Core Insights - The architecture competition for LLMs is entering a nuanced phase, with a shift from merely increasing model parameters to a focus on mixed architectures and efficiency tuning [1][4] - Transformer architecture is expected to maintain its status as the cornerstone of the AI ecosystem for at least the next few years, although adjustments in efficiency and mixed strategies are anticipated [4] - The rise of hybrid architectures and linear attention mechanisms is becoming a focal point in the industry, with models like DeepSeek V3 and R1 showcasing significant efficiency improvements [5][8] Group 1: Efficiency Wars - The industry is increasingly focusing on hybrid architectures and efficiency improvements, as demonstrated by models like DeepSeek V3, which significantly reduces KV Cache usage during inference [5] - The MoE architecture allows models to maintain a large parameter count (671 billion) while only activating 37 billion parameters during inference, highlighting a trend towards efficiency without sacrificing capacity [5] - Other models such as Qwen3-Next and Kimi Linear are adopting mixed strategies to balance long-distance dependencies and inference speed [8] Group 2: Diffusion Language Models - Diffusion language models (DLMs) are attractive due to their ability to generate tokens quickly and cost-effectively through parallel generation, contrasting with the serial generation of autoregressive models [10][11] - Despite their advantages, DLMs face challenges in integrating tool calls within response chains due to their simultaneous generation nature [11] - Research indicates that DLMs may outperform autoregressive models when high-quality data is scarce, as they can benefit from multiple training epochs without overfitting [17][19] Group 3: Super Data Learners - A recent paper suggests that DLMs could be superior learners in a data-scarce environment, achieving better performance than autoregressive models when trained on limited data [17][19] - The phenomenon known as "Crossover" indicates that while autoregressive models learn faster with ample data, DLMs excel when data is restricted [19] - Factors contributing to DLMs' advantages include their ability to model dependencies between any positions in the text, deeper training through iterative denoising, and inherent data augmentation through the noise process [21]

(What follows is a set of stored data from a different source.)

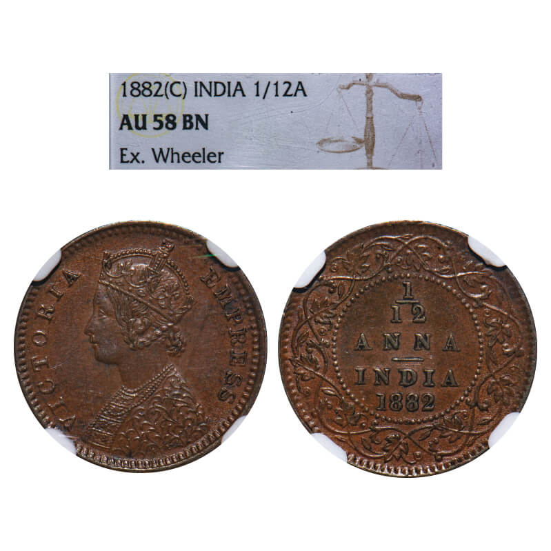 Victoria Empress, Copper, 1/12 Anna, 1882, Calcutta Mint, 'C' incused, Obv B. F. Prid 788. GK 893. NGC Slabbed AU 58 BN. Rare.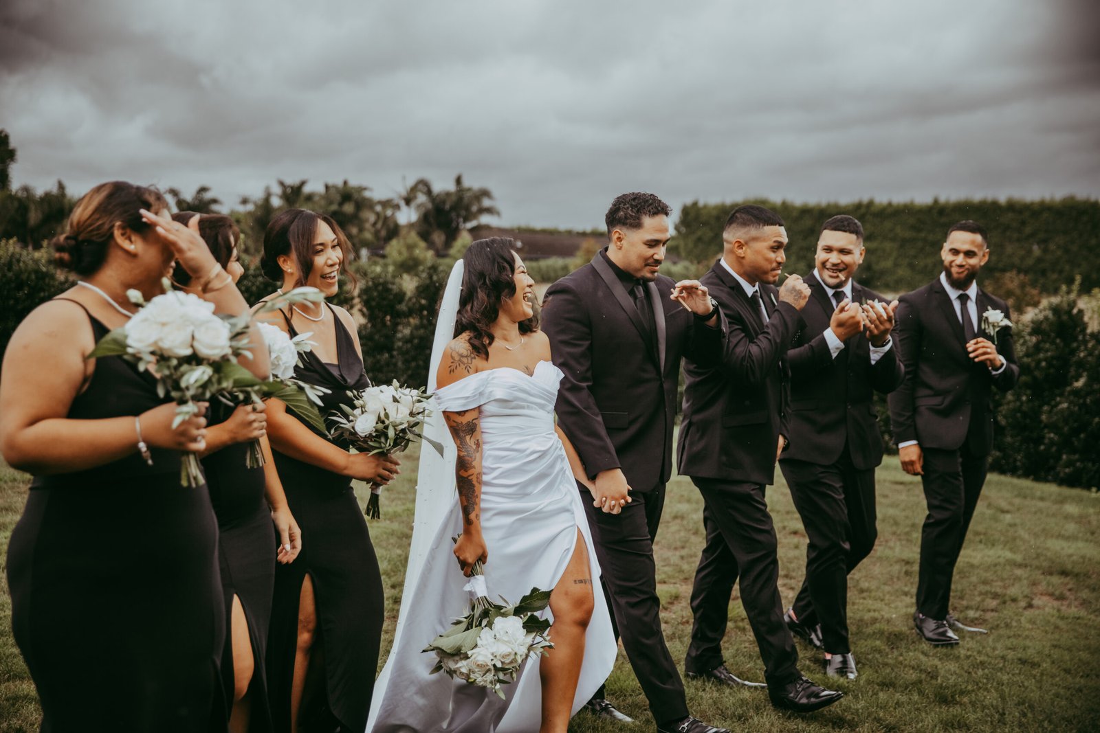 What an unforgettable weekend, thanks to Cyclone Gabrielle! 🌧️💨 Despite the wild weather, nothing could dampen the love and joy that surrounded Bee and Damian on their special day. We embraced the storm and let it add a unique, cinematic touch to their wedding story.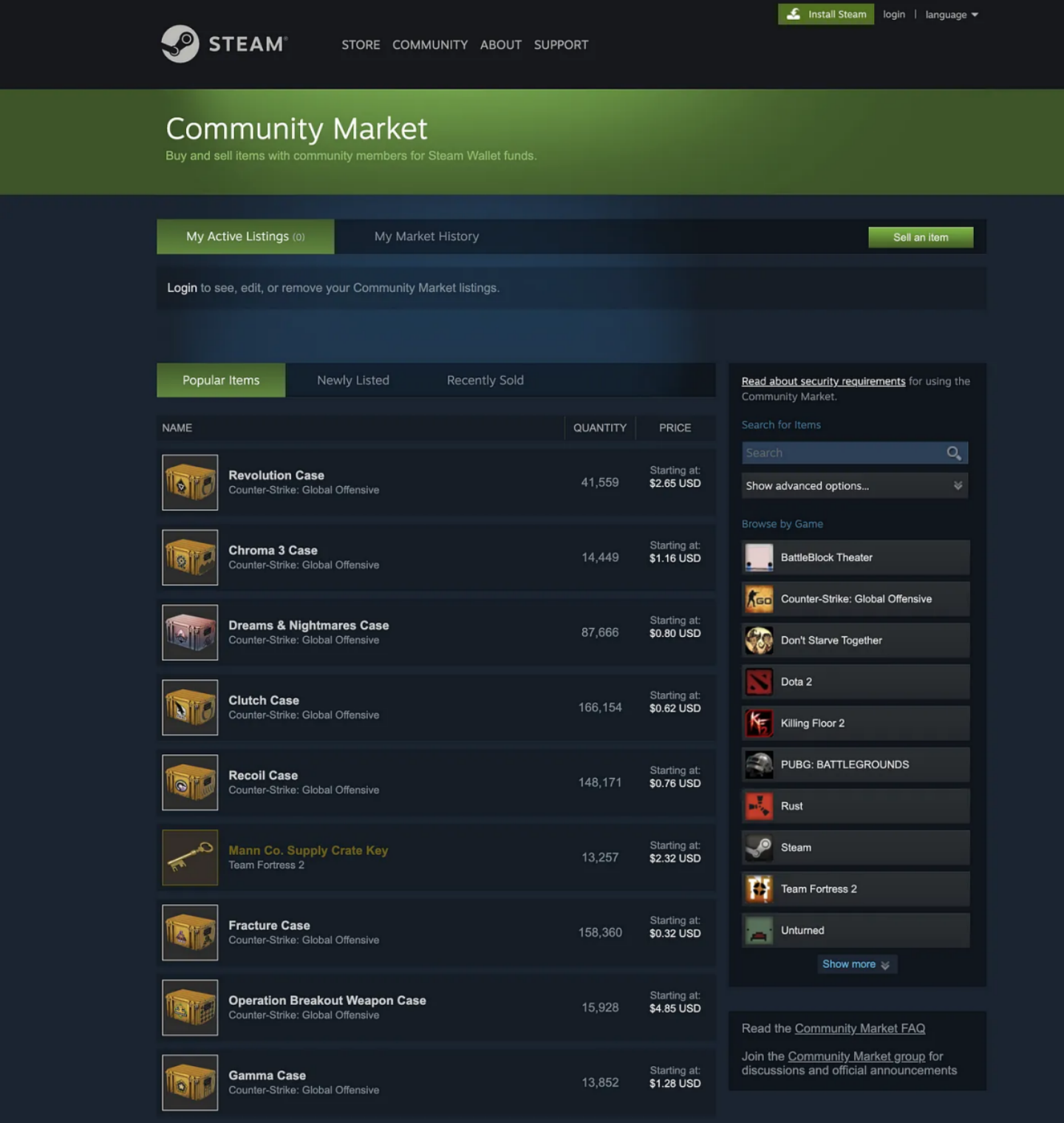 大多數游戲道具是無法交易的,但幸運的是,有一款著名游戲可以支撐我們進行這個實驗——CSGO (Counter-Strike: Global Offensive)。

Core Insights - The article discusses the evolving landscape of large language models (LLMs) as of 2026, highlighting a shift from the dominance of the Transformer architecture to a focus on efficiency and hybrid architectures [1][4][5]. Group 1: Transformer Architecture and Efficiency - The Transformer architecture is expected to maintain its status as the foundation of the AI ecosystem for at least the next few years, supported by mature toolchains and optimization strategies [4]. - Recent developments indicate a shift towards hybrid architectures and efficiency improvements, rather than a complete overhaul of existing models [5]. - The industry is increasingly focusing on mixed architectures and efficiency, as demonstrated by models like DeepSeek V3 and R1, which utilize mixture of experts (MoE) and multi-head latent attention (MLA) to reduce inference costs while maintaining large parameter counts [7]. Group 2: Linear and Sparse Attention Mechanisms - The standard Transformer attention mechanism has a complexity of O(N^2), leading to exponential growth in computational costs with increasing context length [9]. - New models like Qwen3-Next and Kimi Linear are adopting hybrid strategies that combine efficient linear layers with full attention layers to balance long-distance dependencies and inference speed [14]. Group 3: Diffusion Language Models - Diffusion language models (DLMs) are gaining attention for their ability to generate tokens quickly and cost-effectively through parallel generation, contrasting with the serial generation of autoregressive models [12]. - Despite their advantages, DLMs face challenges in integrating tool calls within response chains due to their simultaneous generation nature [15]. - Research indicates that DLMs may outperform autoregressive models when high-quality data is scarce, as they can benefit from multiple training epochs without overfitting [24][25]. Group 4: Data Scarcity and Learning Efficiency - The concept of "Crossover" suggests that while autoregressive models learn faster with ample data, DLMs excel when data is limited, achieving significant accuracy on benchmarks with relatively small datasets [27]. - DLMs demonstrate that increased training epochs do not necessarily lead to a decline in downstream task performance, offering a potential solution in an era of data scarcity [28].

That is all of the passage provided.